How to complete this task:
When you copy the material below, keep every line exact and drop the pictures.

Provided material:
------------------------------------------------------------
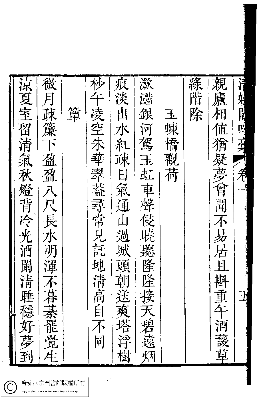 | (PRINT FRIENDLY VERSION) 清娛閣吟稾﹕六卷(清鮑之蕙撰)。嘉慶16年 [1811]刻本 ![]() Page : 1.5b | click for larger image | Back |
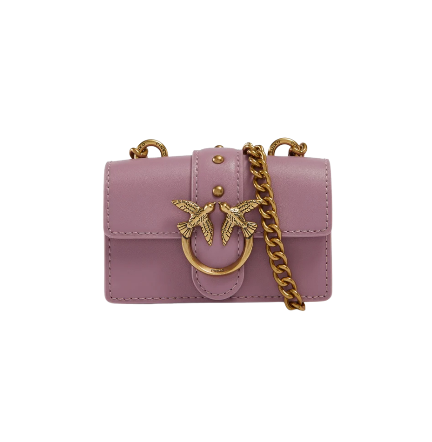Micro Love Bag One in soft, silky leather. The leather strap with metallic studs is accompanied by the iconic Love Birds Diamond Cut metal buckle. Microfibre inner lining. Round-link metal-chain strap.
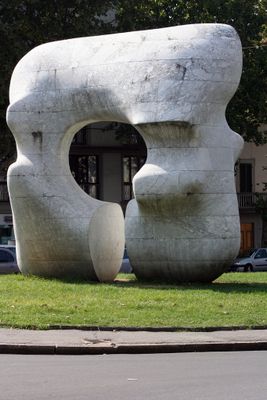 Henry Moore selezionò trenta blocchi di marmo dalle cave del Monte Altissimo nel 1974 per creare questa scultura monumentale nel luogo dell'antica Porta Fiorentina.
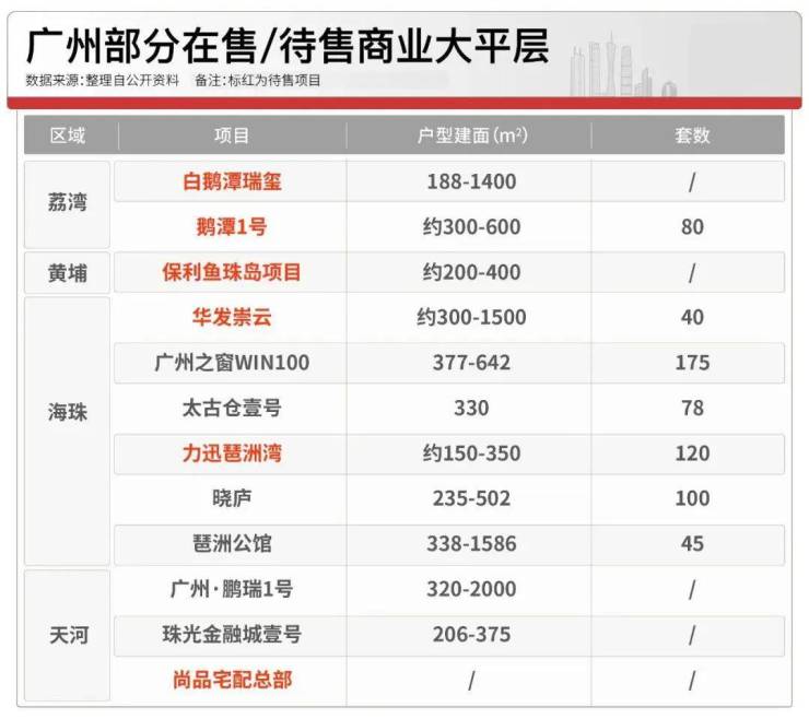 豪宅项目云集,商业大平层(指商业性质的大面积平层公寓/办公产品)也呈现出激烈竞争的局面。据不完全统计,仅在核心区(天河、海珠、荔湾、黄埔),就有超过12个在售和待售项目。
------------------------------------------------------------
Worked solution:
 | (PRINT FRIENDLY VERSION) 清娛閣吟稾﹕六卷(清鮑之蕙撰)。嘉慶16年 [1811]刻本 ![]() Page : 1.5b | click for larger image | Back |
Micro Love Bag One in soft, silky leather. The leather strap with metallic studs is accompanied by the iconic Love Birds Diamond Cut metal buckle. Microfibre inner lining. Round-link metal-chain strap.
 Henry Moore selezionò trenta blocchi di marmo dalle cave del Monte Altissimo nel 1974 per creare questa scultura monumentale nel luogo dell'antica Porta Fiorentina.
 豪宅项目云集,商业大平层(指商业性质的大面积平层公寓/办公产品)也呈现出激烈竞争的局面。据不完全统计,仅在核心区(天河、海珠、荔湾、黄埔),就有超过12个在售和待售项目。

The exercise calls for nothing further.